Why it matters: Kuaikan, which offers digital comics in its app and website, has managed to attract investors’ attention in the competitive online comics sector.
- Founded in 2014, Kuaikan has become a leading digital content hub for readers of Chinese comics.
Details: Investors include existing backers Tencent, Coatue Management, and Tiantu Capital, and newcomers like CCB International, the investment arm of China Construction Bank, and One Store, a South Korean app market operator co-owned by Naver, which runs the world’s largest digital comics platform Naver Webtoon.
- Chinese media AI Caijing reported that One Store planned to invest around RMB 223 million ($34.4 million) in Kuaikan and take approximately 3% of its shares, citing sources from South Korean media. Kuaikan’s market value will be around RMB 8 billion after the round, the report said.
- The proceeds from the round will be used to cultivate the platform’s content ecosystem. The company said it will spend a total of RMB 2 billion to subsidize its authors and produce animated comic book adaptions, according to the company’s statement.

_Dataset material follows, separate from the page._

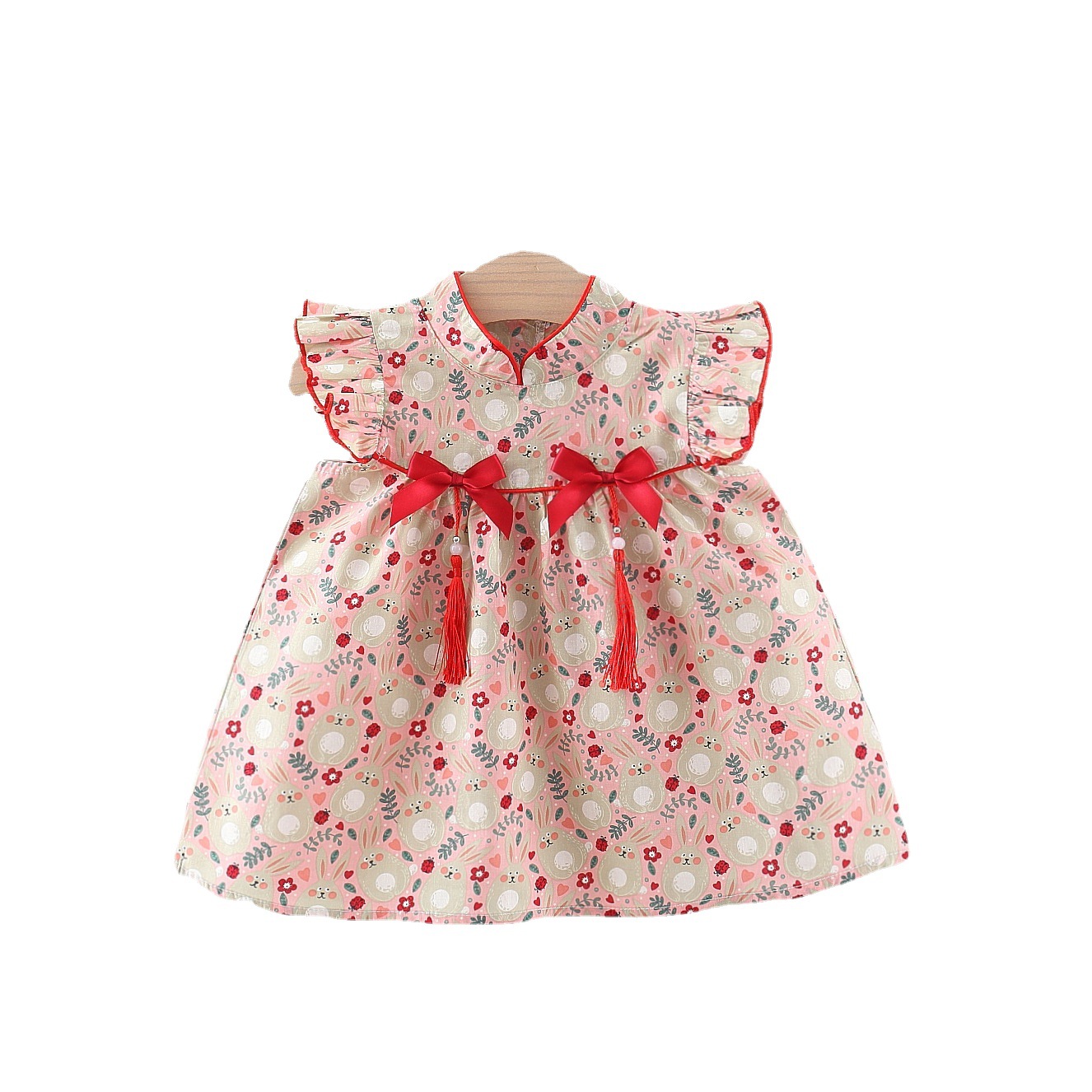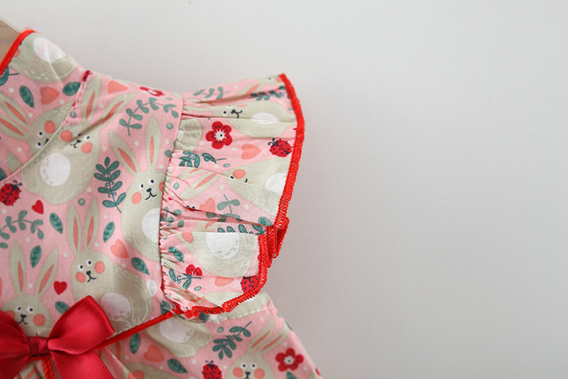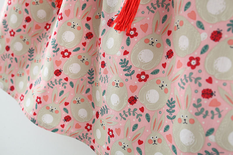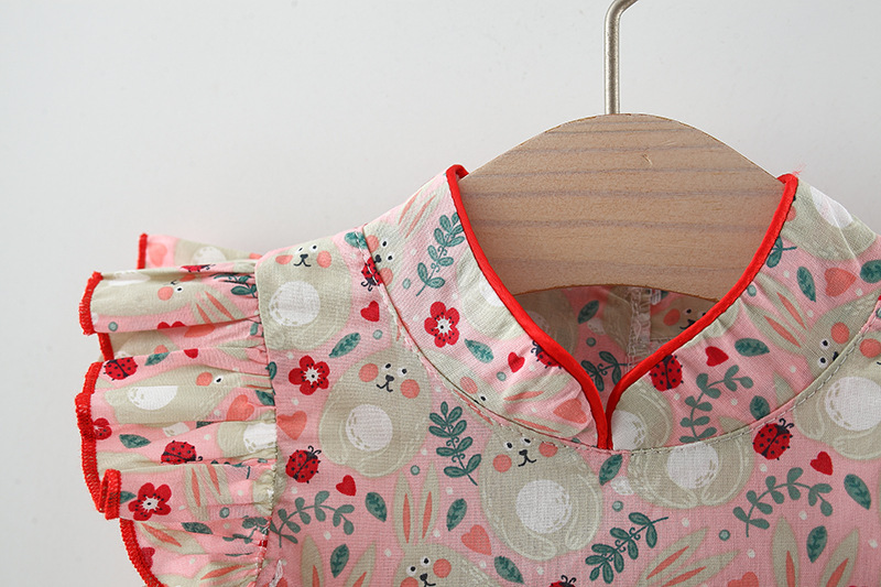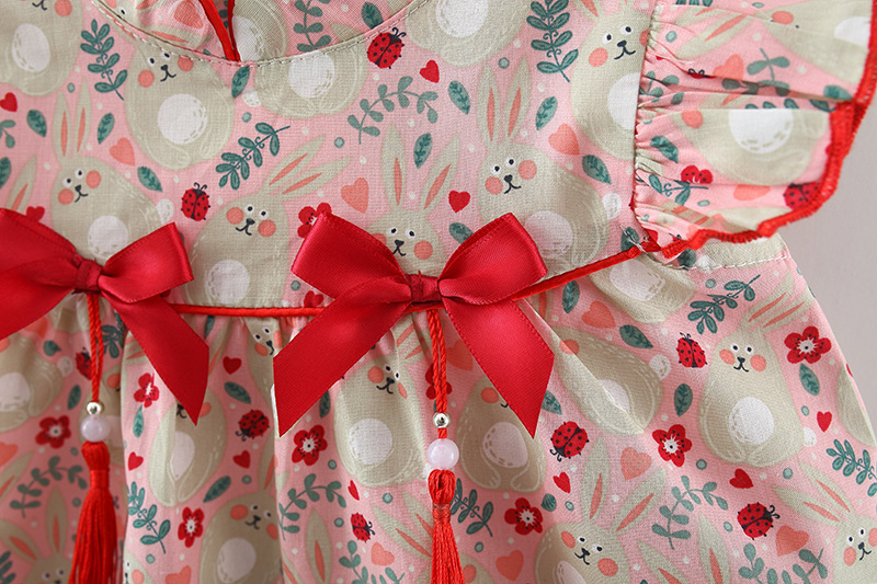 Color: pink flower rabbit pink, rabbit peony cheongsam

- Kuaikan’s CEO Chen An’ni said in an internal memo (in Chinese) to employees that the firm’s comics business has turned a profit and maintained revenue growth of more than 50% in the past few years.
Context: Kuaikan is the largest Chinese online comic platform. In February, the firm ranked first in the most popular comic apps list with about 29 million monthly active users, according to Bigdata-Research (in Chinese), a Chinese market consultancy.
- The company received $177 million in Series D funding in 2017, and $125 million from Tencent in 2019. ByteDance was once an investor of the company but exited after Tencent stepped in.
- China’s e-comics industry has grown at a more than 20% rate in the past five years, and the market is expected to reach RMB 4.6 billion by 2021, according to iMedia Research (in Chinese).